It felt like a microcosm of the country as a whole. Outside the Olympic Stadium in Tokyo on Friday night, legions of fans gathered in their thousands - smiling, waving, wanting, craving a piece of an event they had sacrificed so much to host.
The majority were in bouyant mood for the opening ceremony, but among them at one crossroads was a cluster of locals shouting their disdain, waving their 'NOlympics' flags, chanting into megaphones, the noise carrying into the arena as the serene open sequence began.
The truth is, this is an event most of Japan wants - some just don't want it right now. But on that note the International Olympic Committee has always been clear: there could be no re-staging of this party, stripped and all as it may be of its proper soundtrack.
Still, there was something distinctly unfair about breezing past locals with the media accreditation around my neck, coasting through checkpoints that stopped any of them getting too close.
Entering the Olympic Stadium, beautifully presented for opening night, the overriding thought was this could - should - be something others experienced, especially when life here carries on with such normality.
On a brief sojourn to retrieve take-away food (the only non-stadium trips we're allowed) I passed restaurants packed to capacity in downtown Tokyo. Then I passed an outdoor concert with several thousand fans sitting together, masked but not socially distanced.
It brought home that there remains one rule for some and a different for others. In Tokyo's case, the Olympics has developed the reputation of a loutish intruder, and inviting it to their place for a sporting knees-up seemed an increasingly difficult concept as Covid case numbers escalated. And so the plan to allow 10,000 local fans, or 50% capacity, was discarded.
But there is a reason Japan has not struggled with the pandemic as much as countries in the west, and a lot might have to do with its law-abiding citizens. That was rammed home on my way to the stadium. Arriving at a junction where all roads were closed to traffic, I stepped out to cross one and was immediately stopped by a panicked policeman. I stepped back among the locals who were patiently waiting for a green man to appear despite no cars being within two blocks. A moment later a German photographer arrived and was equally baffled but we stood, we waited, because this is their home, their truly incredible city, and we're conscious how lucky we are to be welcomed to it.
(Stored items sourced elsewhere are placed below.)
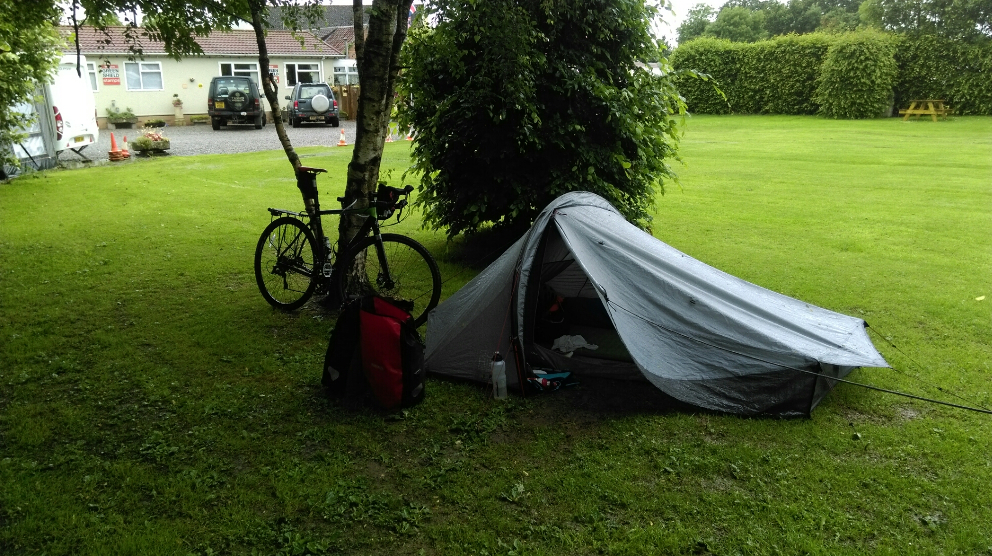 Arrived at the campsite at 5:30 (the allotted time for me to be ready to go) and Mick had just arrived and was waiting outside. The campsite was like a fortress, with a high level of security against travellers. Very friendly campsite guardian chatted to me and Mick, while I pitched the tent in the rain. I grabbed a shower and we headed to the pub for dinner, it was nice to have a long conversation for once. The site had a good washing machine and crucially Mick had brought me washing powder, so after the pub I washed pretty much everything I’d brought with me, and got it all dry – despite it continuing to rain and the campsite getting boggier and boggier. There was a socket in the laundry, and I plugged in my big power pack – unfortunately it didn’t charge overnight (not sure why), leaving me low on battery levels – any why I’m sitting in Taunton Asda typing this!.
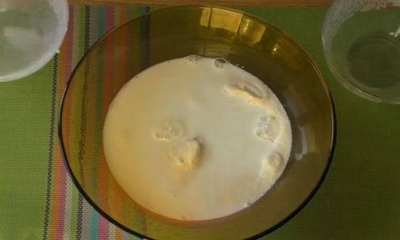 Rompete le uova in una ciotola a parte, aggiungete lo zucchero semolato, il sale e la vanillina. Agitare i componenti con una frusta fino a quando non sono completamente collegati. Quindi aggiungere il burro ammorbidito, il lievito e frullare ancora il tutto. Infine aggiungete il semolino gonfio con il latte acido e mescolate.
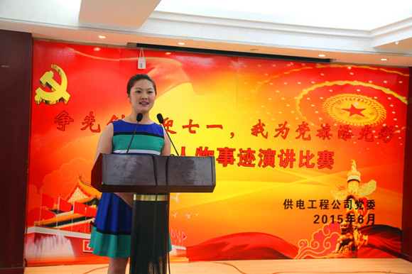6月15日下午,公司在淮鹽大酒店三樓會議室隆重地舉行了“爭先創(chuàng)優(yōu)迎七一,我為黨旗添光彩”先進事跡演講比賽。公司8個代表隊,經(jīng)過一個多小時激烈的角逐,徐圩供電所的金陽演講的《平凡鑄就輝煌》榮獲一等獎。機關(guān)、灌西供電所選手獲得二等獎,青口供電所、臺北供電所、臺南供電所選手獲得三等獎,宋跳農(nóng)場、巨龍市場選手獲得參與獎。(陳捷)
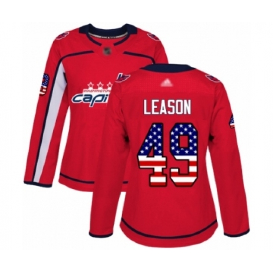 >Women's Washington Capitals #49 Brett Leason Authentic Red USA Flag Fashion Hockey Jersey
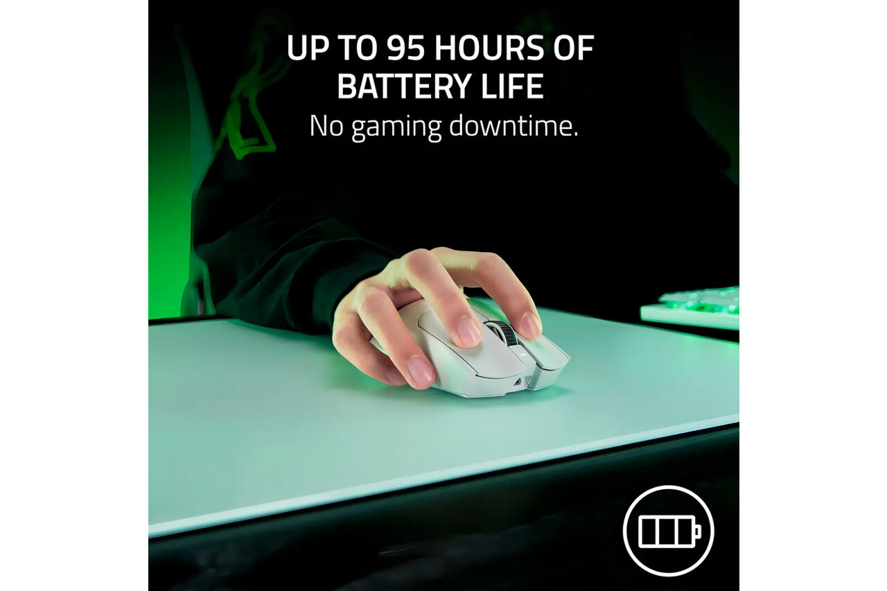 El Mouse Razer Viper V3 Pro White es la herramienta definitiva para los gamers que buscan precisión y velocidad en cada partida. Con un sensor óptico Focus Pro 35K, ofrece una resolución de hasta 35,000 dpi y una velocidad máxima de 750 ips, garantizando un rendimiento excepcional en cualquier situación de juego. Su diseño ergonómico y ligero, con un peso de solo 63 g, permite largas sesiones de juego sin fatiga. Este mouse inalámbrico en color blanco combina estilo y funcionalidad, ideal para quienes buscan un equipo que se adapte a su estética de juego. Con una conexión USB-C y una frecuencia de 1 kHz, la latencia es mínima, asegurando que cada movimiento se traduzca instantáneamente en la pantalla. Además, cuenta con cinco botones programables que permiten personalizar la experiencia de juego según las preferencias del usuario. La batería de larga duración asegura que el mouse esté siempre listo para la acción, mientras que su rueda de desplazamiento y luces personalizables añaden un toque de personalización. Compatible con sistemas operativos Windows y macOS, el Razer Viper V3 Pro es la elección perfecta para gamers diestros que buscan un mouse que combine tecnología avanzada y comodidad. Mejora tu experiencia de juego y lleva tu rendimiento al siguiente nivel con este mouse de alto rendimiento. Especificaciones Técnicas Peso: 55 gramos (versión blanca) Sensor: Razer™ Focus Pro de 35,000 DPI (2.ª generación) Velocidad de seguimiento (IPS): 750 Aceleración máxima: 70 G Frecuencia de sondeo (Polling Rate): hasta 8000 Hz con el dongle HyperPolling incluido Interruptores: Razer™ Optical Mouse Switches Gen-3 (durabilidad de 90 millones de clics) Botones programables: 8 Conectividad: inalámbrica (2.4 GHz) y por cable USB-C Duración de la batería: hasta 95 horas Dimensiones: 127.1 mm (largo) × 63.9 mm (ancho) × 39.9 mm (alto) Compatibilidad: Windows y macOS (plug-and-play, con funciones avanzadas mediante Razer Synapse)

The ceremony itself was what opening ceremonies are: long, but with a typically stirring blend of music, dance and local traditions from one of the richest cultures there is. There was a moment of silence for the lives lost in the pandemic, and for the 11 Israelis killed during the 1972 Munich massacre.
In parts the ceremony was beautifully evocative, in parts run of the mill, and then in came the athletes, the very best physical specimens on planet Earth, the ones for whom all this effort, all these headaches, were deemed worthwhile.
In came Greece, out front as always. In came Ireland, with boxers Kellie Harrington and Brendan Irvine, two of our finest athletes and finest people, holding the tri-colour aloft, bowing to the hosts. The smiling volunteers bowed back, happy to have them.
And at the end of the athletes parade, in walked Japan, the joy etched across the athletes' faces. Sure, this wasn't what any of them envisioned when Tokyo was awarded the Games back in 2013, but it was still something special, something important, a memory they likely feared would be snatched from them along with all else that's been taken over the last 18 months.
The moment we all had waited for didn't disappoint, with tennis star Naomi Osaka etching her name into history and lighting the Olympic flame. Given the year she's had, she seemed an appropriate poster girl for the Games: Smiling through adversity, resilient against great difficulties.
And as we walked away, that orange flame dancing in the night sky, drawing your gaze from all the darkness elsewhere, it was hard not to be held captive - however briefly - by its bright, brilliant glow.